Activity:
Starting at the first line of the entries below, please return exactly each line up to and including the one with "The bundle includes"; pictures stay out.

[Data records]
# # # # # # #

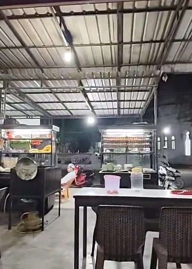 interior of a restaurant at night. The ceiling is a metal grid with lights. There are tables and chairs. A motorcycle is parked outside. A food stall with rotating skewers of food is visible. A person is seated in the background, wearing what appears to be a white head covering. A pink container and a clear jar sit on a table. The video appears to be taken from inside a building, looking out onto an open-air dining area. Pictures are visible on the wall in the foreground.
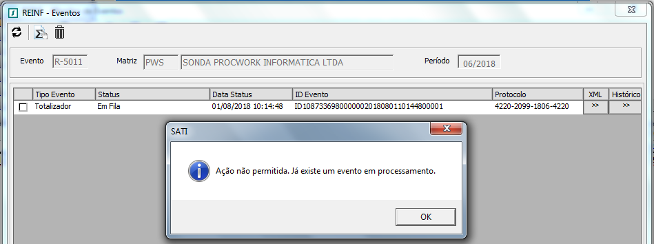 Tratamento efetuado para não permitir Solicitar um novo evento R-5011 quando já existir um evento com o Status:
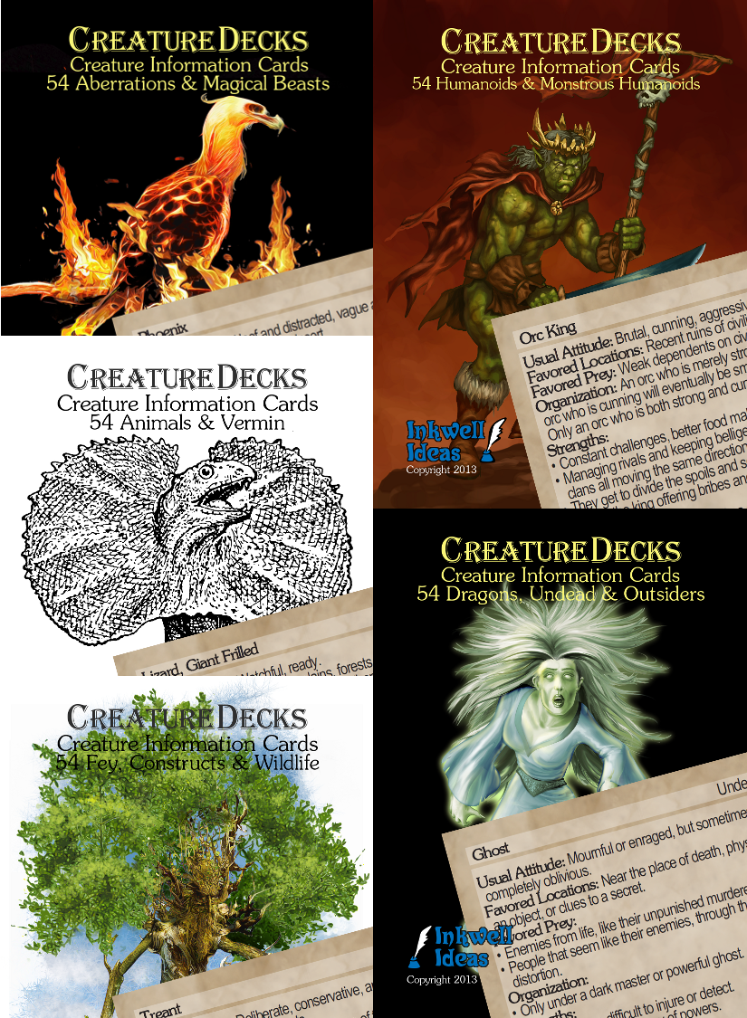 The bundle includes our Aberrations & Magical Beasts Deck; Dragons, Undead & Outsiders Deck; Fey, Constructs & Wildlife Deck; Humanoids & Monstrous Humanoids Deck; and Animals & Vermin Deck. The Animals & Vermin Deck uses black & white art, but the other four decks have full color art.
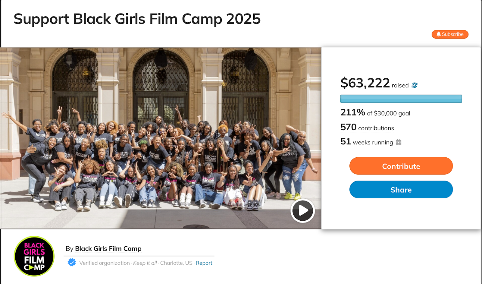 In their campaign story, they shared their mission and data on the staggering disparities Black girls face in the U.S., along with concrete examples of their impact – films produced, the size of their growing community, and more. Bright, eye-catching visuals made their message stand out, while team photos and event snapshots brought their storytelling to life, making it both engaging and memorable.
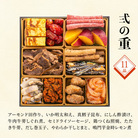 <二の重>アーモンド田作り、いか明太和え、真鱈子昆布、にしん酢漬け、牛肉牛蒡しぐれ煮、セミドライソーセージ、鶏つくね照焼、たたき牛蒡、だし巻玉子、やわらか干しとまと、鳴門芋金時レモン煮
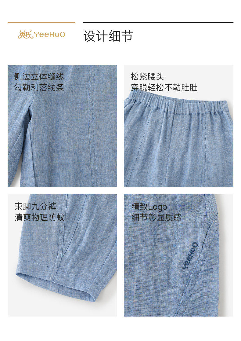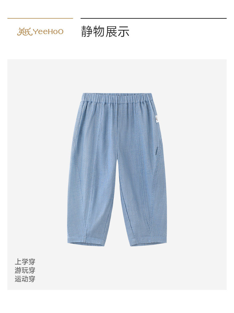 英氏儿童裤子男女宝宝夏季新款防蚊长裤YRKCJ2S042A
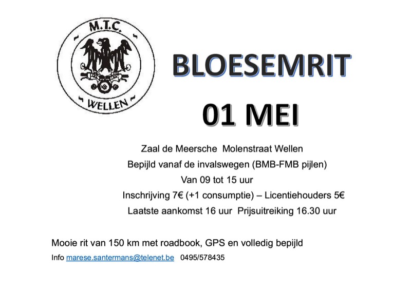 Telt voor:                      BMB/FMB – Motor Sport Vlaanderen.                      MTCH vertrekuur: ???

# # # # # # #

Written answer:
 interior of a restaurant at night. The ceiling is a metal grid with lights. There are tables and chairs. A motorcycle is parked outside. A food stall with rotating skewers of food is visible. A person is seated in the background, wearing what appears to be a white head covering. A pink container and a clear jar sit on a table. The video appears to be taken from inside a building, looking out onto an open-air dining area. Pictures are visible on the wall in the foreground.
 Tratamento efetuado para não permitir Solicitar um novo evento R-5011 quando já existir um evento com o Status:
 The bundle includes our Aberrations & Magical Beasts Deck; Dragons, Undead & Outsiders Deck; Fey, Constructs & Wildlife Deck; Humanoids & Monstrous Humanoids Deck; and Animals & Vermin Deck. The Animals & Vermin Deck uses black & white art, but the other four decks have full color art.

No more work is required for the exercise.